Bounce-back
Thursday, 4 January 2024In keeping with my expectations, albeït not with my hopes, during this morning I received a desk-rejection from the first journal to which I submitted my paper on Sraffa. The editor wrote
I read your paper with interest. I appreciate the ambition and breadth of the work as well as the care you put in writing the paper in an accessible and engaging way. However, the contribution is more appropriate for a journal that specializes in the history of economic thought, rather than for a journal that focuses on modern contributions to economic theory.
Two conceptions of modernity seem to be confused here. If the editor were to say that Sraffa's work were not at or near the cutting edge, then I would completely agree with the editor. On the other hand, only if the applicability of that work were without living controversy would discussion properly be restricted to history-of-thought, yet Sraffa's work is at-or-near the center of thought for academically active schools.

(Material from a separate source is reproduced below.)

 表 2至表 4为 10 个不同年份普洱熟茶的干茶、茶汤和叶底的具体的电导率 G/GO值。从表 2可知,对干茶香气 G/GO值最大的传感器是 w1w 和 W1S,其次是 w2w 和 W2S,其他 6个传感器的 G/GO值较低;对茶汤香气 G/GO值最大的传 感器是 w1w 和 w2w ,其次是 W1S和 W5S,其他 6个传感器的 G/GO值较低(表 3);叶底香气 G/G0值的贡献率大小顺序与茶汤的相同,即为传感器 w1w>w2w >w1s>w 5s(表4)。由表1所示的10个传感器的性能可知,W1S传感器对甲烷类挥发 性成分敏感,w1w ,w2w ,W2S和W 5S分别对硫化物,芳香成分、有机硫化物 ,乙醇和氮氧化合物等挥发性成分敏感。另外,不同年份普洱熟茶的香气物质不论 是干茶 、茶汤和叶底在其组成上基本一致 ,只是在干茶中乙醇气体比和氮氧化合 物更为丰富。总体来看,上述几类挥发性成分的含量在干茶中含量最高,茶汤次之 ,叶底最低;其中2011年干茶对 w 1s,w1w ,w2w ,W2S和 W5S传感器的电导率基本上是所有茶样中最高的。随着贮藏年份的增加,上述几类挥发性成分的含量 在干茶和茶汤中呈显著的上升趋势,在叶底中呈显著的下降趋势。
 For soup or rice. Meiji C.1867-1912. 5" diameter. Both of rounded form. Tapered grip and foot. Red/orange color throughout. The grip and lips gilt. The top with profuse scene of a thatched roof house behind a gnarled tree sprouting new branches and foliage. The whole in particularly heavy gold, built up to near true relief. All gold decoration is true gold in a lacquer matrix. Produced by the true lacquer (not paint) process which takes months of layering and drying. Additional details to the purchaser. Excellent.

Mind you that something could reasonably be treated as within the scope of history-of-thought without being restricted to that scope, so I may indeed submit the paper to a journal on the history of economic thought. But, before taking that route, this evening I submitted the paper to a different journal of economic theory. Yes, I do expect another rejection, and probably another desk-rejection. Still, I gambled on a hope of acceptance.
If-and-when I submit to a journal of history of economic thought, I face some threat of my paper being rejected as too mathematic for the readership. (One reason that I have not submitted the paper to The Cambridge Journal of Economics is that their guidelines for authors suggest that they would reject the paper with the excuse that the exposition relies too heavily upon mathematics.)
Before receiving the rejection, I had effected some minor revisions to the paper. I corrected a typographic error, replaced adjectival -ical
with -ic
wherever the latter would do, and removed most of my expletive uses of it
and of there
.
Although expletive uses are grammatic and I've not seen them condemned in any book of style, after I first completed a draft of that paper I became uncomfortable with those uses. That discomfort is part of a prior trend of my becoming uncomfortable with expressions that facilitate conceptual illusions. Saying or writing it is X
suggests that something is X; sometimes something is X, as when we say it is sad that you couldn't come
, in which case the something is that you couldn't come. Even then, it is a forward reference, and forward references are generally very bad things. But sometimes the it
is just a way of satisfying the grammatic need for a subject, as in it's raining
. Saying or writing there is X
or there are X
suggests that X is-or-are at a specific location, but likewise is often just a way of satisfying the grammatic need for a subject.
Usually, one can easily do without these expletive uses, but I acknowledge that sometimes they actually produce more easily understood sentences. Indeed, I left two such uses in the paper because no alternative occurred to me that did not create ambiguity.
[Up-Date (2024:01/07):Alas, I have found more expletive uses in my paper. My search string was naïve, and missed cases with modal auxiliaries. I don't know when or even if I will eliminate those further cases.]